I have to disagree, mainly because while Hile Troy could be written off as "part of the dream", Linden clearly isn't; plus, during the Second Chronicles, Linden's and Covenant's reasons for being there are slightly different - and although they are related, it's Linden's reason which depends on Covenant's, and not the opposite (defeating Foul gives her the chance to heal the Land, but healing the Land wouldn't have been possible if Foul wasn't defeated first).

Therefore, it is far more probable that the Old Man chooses people who need a spiritual healing - "moral lepers", in a way, to use an expression used in the Chronicles themselves. That is, people who are fundamentally good, but who need to be healed with a healing the Land can provide, be it purpose, truth, health, or whatever.

I think Atiaran's summoning of Hile Troy was basically tainted by her despair; I can't shake the thought she reached out blindly in the "real" world and snatched the first person she could catch. Remember that Atiaran's summoning wasn't performed with the Staff of Law, and that we have only two more examples of such an unusual summoning:

1) TC's summoning by Mhoram (a High Lord, together with the other Lords) and subsequently by Foamfollower and Triock (in which Triock had to use lomillialor and Foamfollower had to provide him with strength);

2) TC's and LA's summoning at the beginning of the Second Chronicles.

I would add that in both cases, TC had to be on the brink of death for the summoning to work (Linden wasn't, but she was sort of "whisked off" with Covenant's summoning - since it's a safe bet to think that Foul didn't want to summon her, and only later had to plan for her presence).

So, I suppose that for a summoning to work without the Staff of Law (so, Atiaran's, for example), the summoned person must be on the brink of death, and Hile Troy fits the description. Furthermore, we are never explicitly told WHY she wanted to summon Covenant; it's implied she wanted him to be punished for what he had done to her daughter, but maybe she also wanted to summon him to help the Land, either consciously or not.
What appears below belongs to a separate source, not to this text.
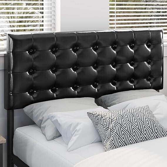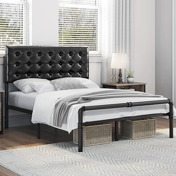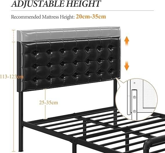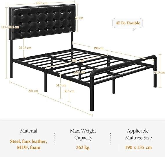 4FT6 Double Bed Frame Metal Platform Bed with Faux Leather Adjustable Headboard

Probably, Atiaran just tried to reach for someone on the brink of death and whose "illness" the Land could heal, or something like that, while he (hanging from the window in a burning house) was desperately wishing to be somewhere else.

This in turn suggests that there was something else guiding the summoning... perhaps the Creator did choose Hile Troy after all, and HT simply failed the Creator's expectations; or maybe he was chosen by Foul exploiting Atiaran's despair, and only by chance (and thanks to the unexpected aid of the Forestal) was he able to prevent Fleshharrower's army from winning. The only other alternative is that he was chosen randomly - which could be, as far as we know, and maybe the Land was just lucky that random chance chose Hile Troy instead of someone else.